Monday, May 9, 2011

"the saddest thing in life..."

the following, an excerpt from joan chittister's book, welcome to the wisdom of the word, describes an awesomely gifted person who is as loved by me as i seem to be persona non-exista to him:

It isn't that he wasn't bright enough.
Nonsense.
He was one of the smartest people I ever met.
He had years of academic success.
He had a fine reputation as a teacher.
He certainly had the right pedigree, academically & socially.
BUT
whatever the cosmetics, he was never really happy -
always dissatisfied
always stuck
always wanting more.

What he was, it seems, never quite equaled his image of himself and what he wanted to be.

Shakespeare described the type centuries ago ~ "desiring this one's art and that one's scope."

It wasn't so much that people discounted him; it was that he was never good enough for himself.
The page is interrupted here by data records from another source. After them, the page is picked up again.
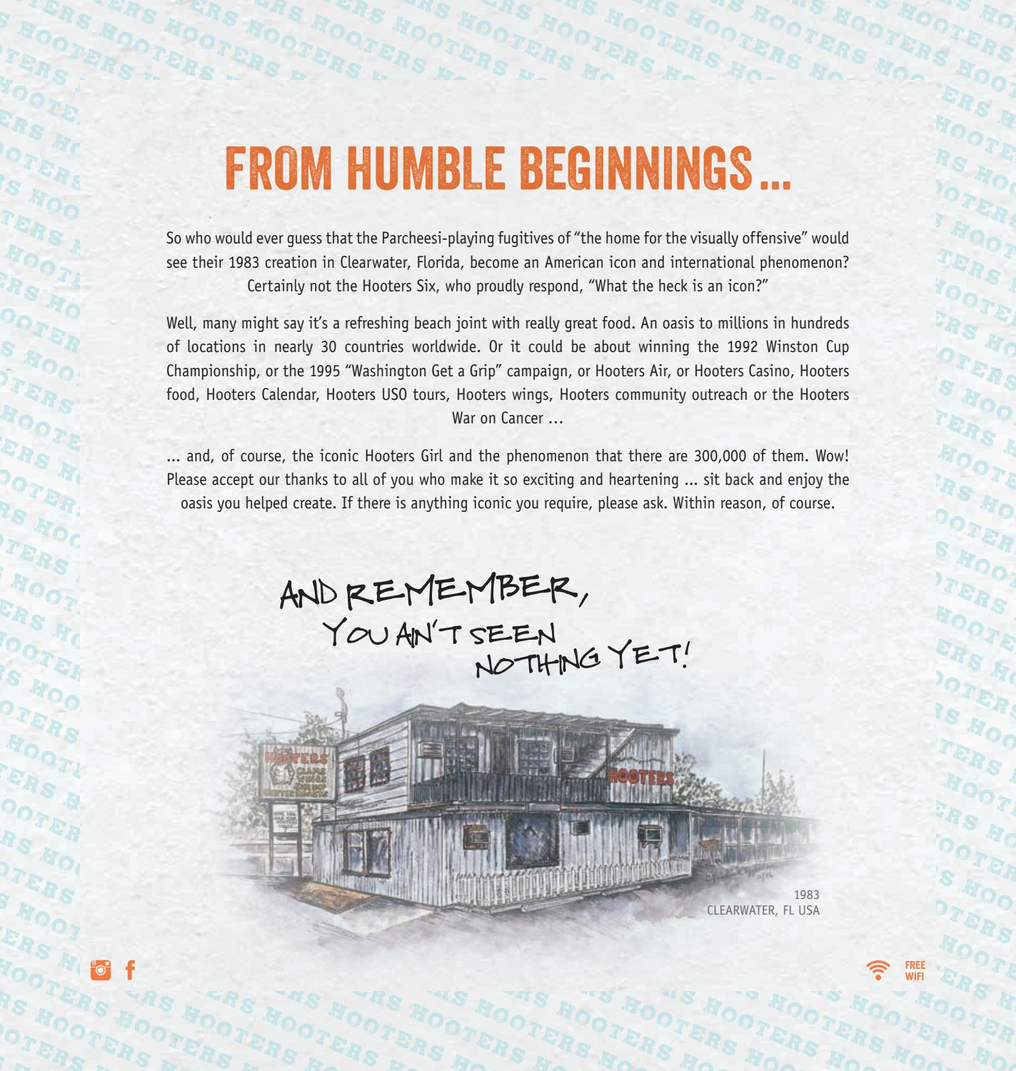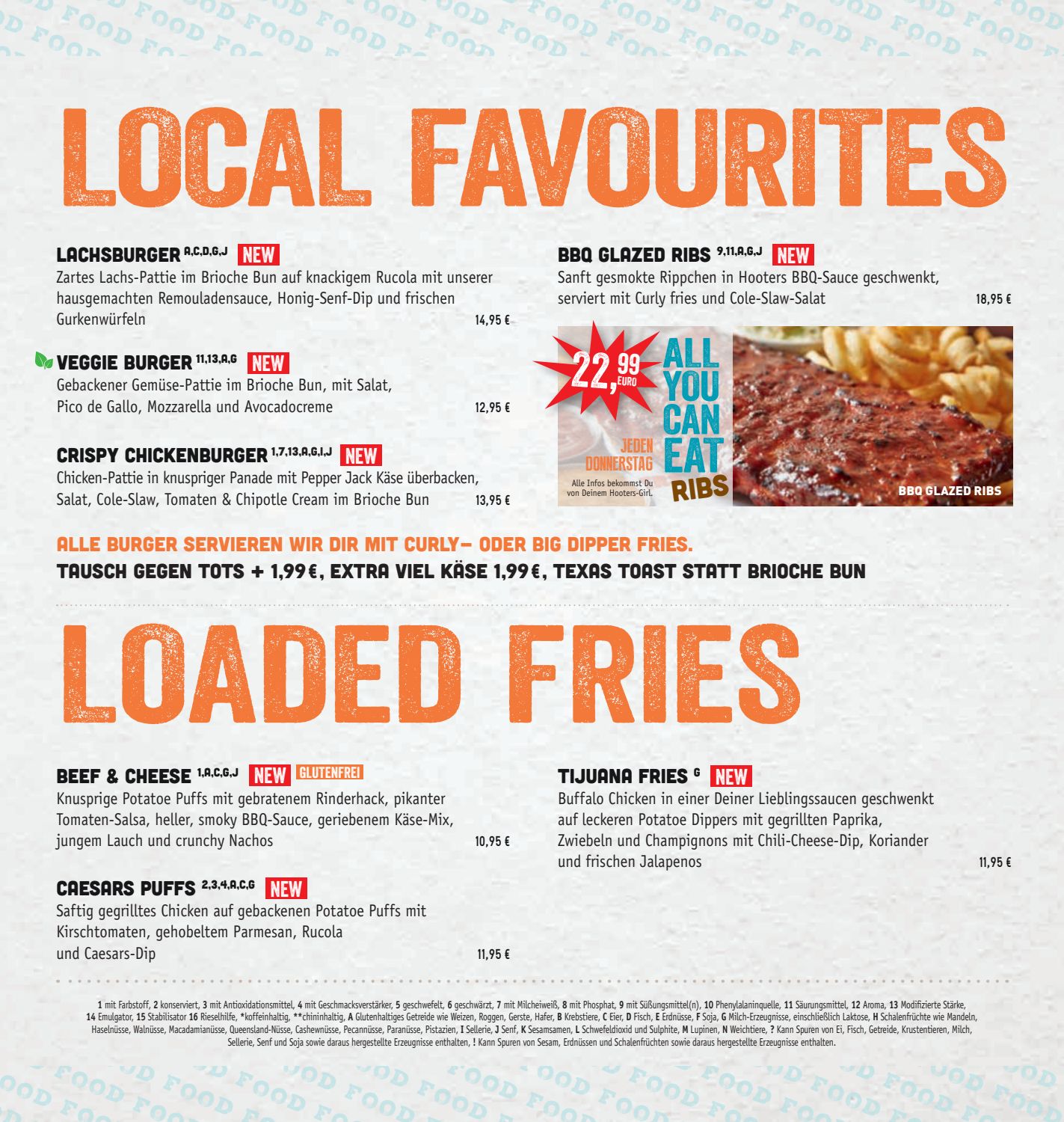 Grilled cod served on soft tortillas with pico de gallo, cabbage and house spicy sauce. 100% meatless with the full flavor of hooters wings. 42% fat, 36% carbs, 22% protein. Marinated overnight and oven roasted to seal in the flavor with only half the calories! It's six original hooters buffalo shrimp, six boneless wings and six original hooters style wings, all smothered in your choice of our legendary sauces.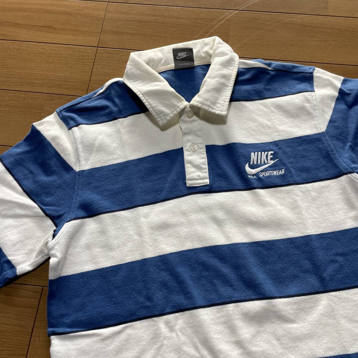 O-17 NIKE/ナイキ(ジャパン) サイズ L! ボーダー コットン ラガーシャツ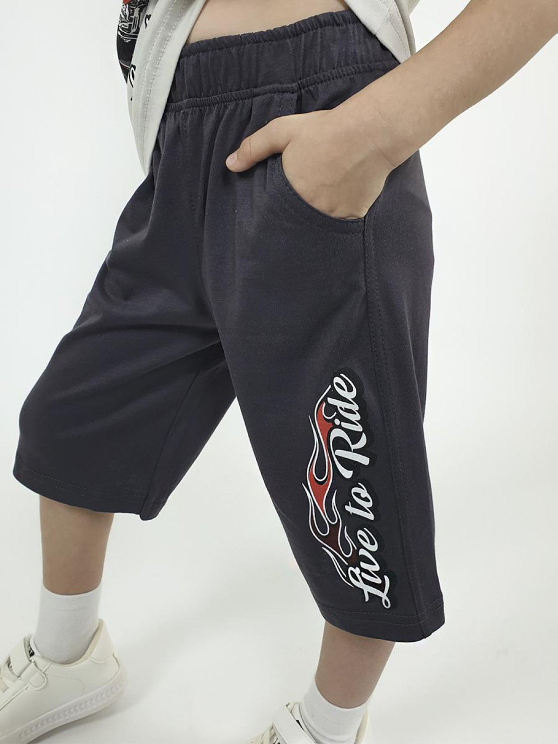 Кулирное полотно: 100% х/б. Фуфайка-прямая,короткий втачной рукав.Перед с печатью.Горловина обработана ластиком. Шорты-удлиненные с притачным поясом и резинкой.Печать на левой передней половинке.Два кармана на переде.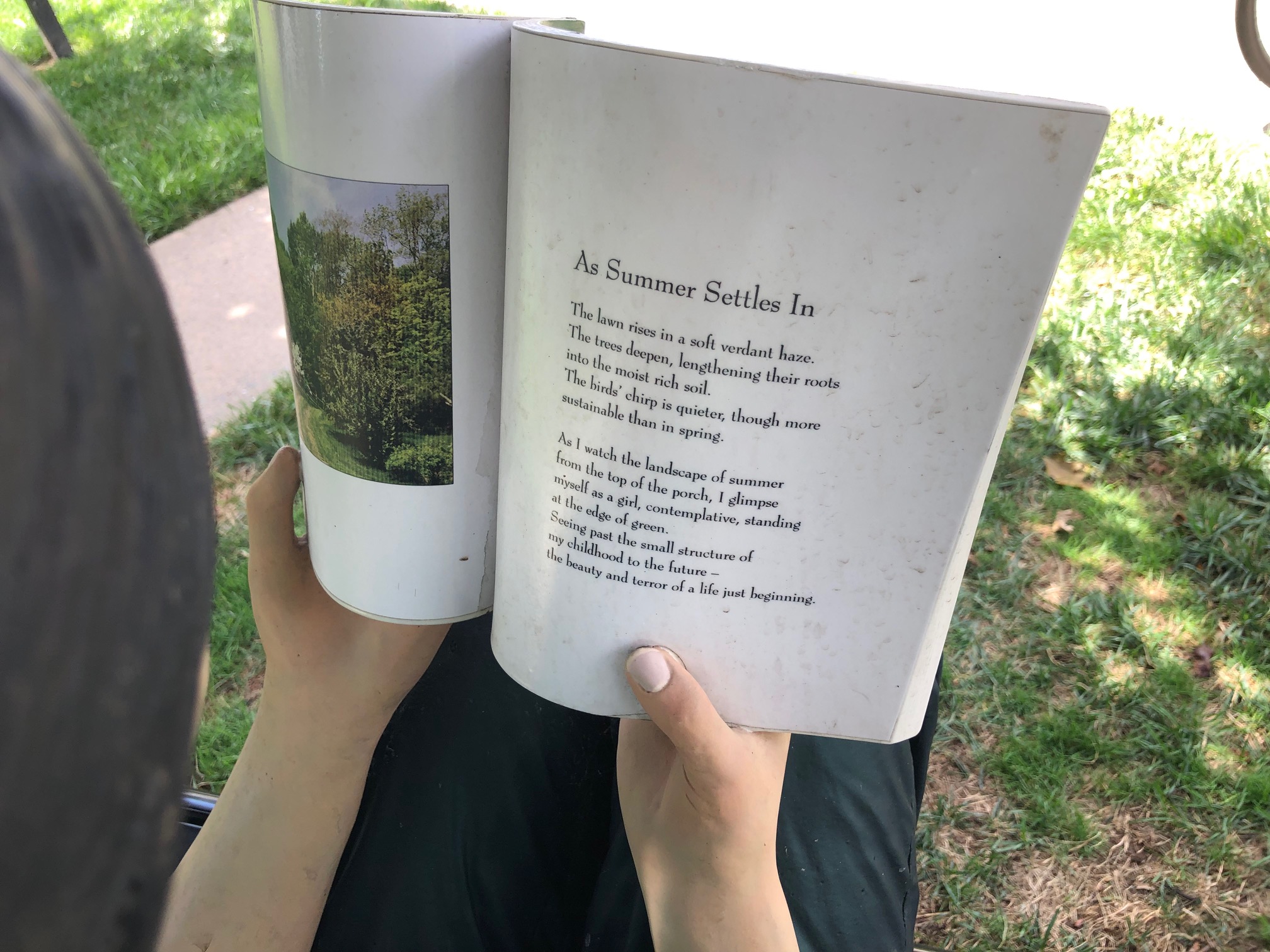 The girl on a bench reading a book? You can read what’s on the page.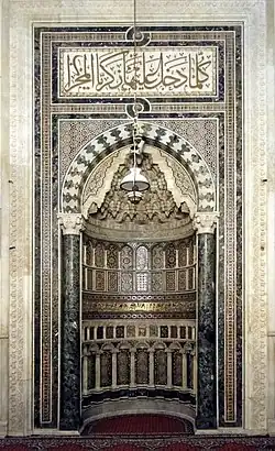 - ↑ Oleg Grabar, La formation de l'art islamique, Flammarion, coll. « Champs », Paris, 2000 (ISBN 2-08-081645-4), p. 146 ; Henri Stierlin, l'Architecture islamique, Paris : PUF, coll. « Que sais-je ? », p. 21. Cependant, les dates peuvent changer d'un auteur à l'autre. FB. Flood (dans The great mosque of Damascus, the making of an Umayyad visual culture, Leyde : Brill, 2001 (ISBN 90-04-11638-9) p. 2) donne les deux dates de 87H/705 et 88H/706. Le site ArchNet, de manière plus étonnante, indique la date de 709.
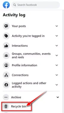 انقر فوق الزر عرض بجانب سجل النشاط - الآن، قم بالتمرير لأسفل وانقر فوق ” سلة المحذوفات ” في الجزء الأيمن أو الأيسر حسب اللغة.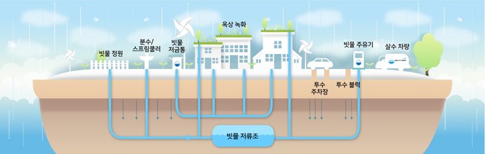 | ▲빗물 순환을 위한 레인시티 빗물 인프라 구성도. |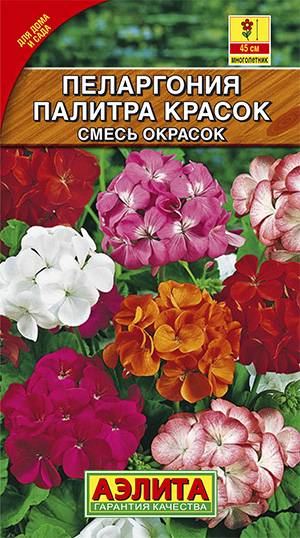 Пеларгония (в просторечии “герань”)- известное и любимое комнатное растение. Смесь ”Палитра красок” подходит не только для выращивания дома, но и для украшения сада. Кусты крепкие, прямостоячие, высотой 35-45 см, обильно украшены крупными ароматными соцветиями Ø12-15 см с весны до осени. Пеларгонии неприхотливые, светолюбивые (но мирятся с небольшим затенением), достаточно засухоустойчивые. Растут быстро. Широко используются для выращивания в горшках и балконных ящиках, прекрасно смотрятся на клумбах, в рабатках и бордюрах.
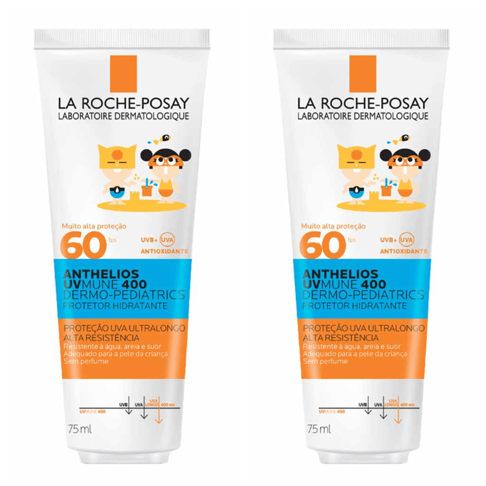 Kit com 2 Unidades de Protetor Solar Hidratante Infantil La Roche-Posay Anthelios UVMune 400 Dermo-Pediatrics FPS60 75ml
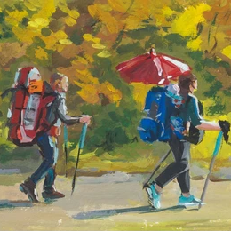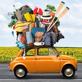 …gaan op reis en nemen mee: wandelspullen, spelletjes, een lekker biertje, en misschien wel een pasgeboren baby?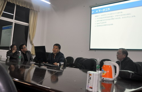 会后,李教授与国家基金项目《面向大规模优化问题的基于云计算模型的协同差分进化方法研究》团队教师、学院的博士进行了座谈。座谈会上,邓长寿副院长汇报了课题组目前的研究进展和下一步的研究计划。李教授肯定了他们的研究成果,并对他们的后续研究提出了指导性意见,同时对老师们提出的相关问题做了详细且生动的解答。

Standing next to him, you could almost feel the restless rage that ate away at his soul. He carried an air of perpetual distain, a kind of groundless anger at those who refused to recognize in him what he thought himself to be. He hungered for the world to attest that he was what he clearly was not.

He was stuck.

He could not be what he wanted to be. He did not want to be what he was, however excellent that might look to others. Instead, he drifted between the two, unhappy because of what he could not do, refusing to be satisfied with what he could.

But the wanting ate him up, consumed him, made him small when he could have been great.

He didn't want to be a teacher; he wanted to be an administrator.

He didn't want to be a theorist; he wanted to be an executive.

And he never got to be either.

He was, without doubt, an invaluable resource on anyone's committee, on anyone's staff, on anyone's board. But what he definitely did NOT want to be was one of the team - any team. He wanted to be the STANDOUT BEST.

Instead, he became a study of what happens when we reflect parts of ourselves and leave the whole of ourselves untouched, undeveloped.


all of which reminds me of the great quote near the end of robert deniro's timeless classic, a bronx tale ~ the saddest thing in this world is wasted talent.

in this moment, am recording my vow to use the talent i have, however great or small it might be.

as joan c. said later in her book ~ We don't have to be stuck in the dregs of life. We don't have to pine away, wanting to be what we aren't. We don't have to wonder if what we have to give to the world is worth giving. BUT we do have to do something with the gifts we have OR risk the loss of them eventually.

rejoice in what i am, in what i can be, what i am called to be.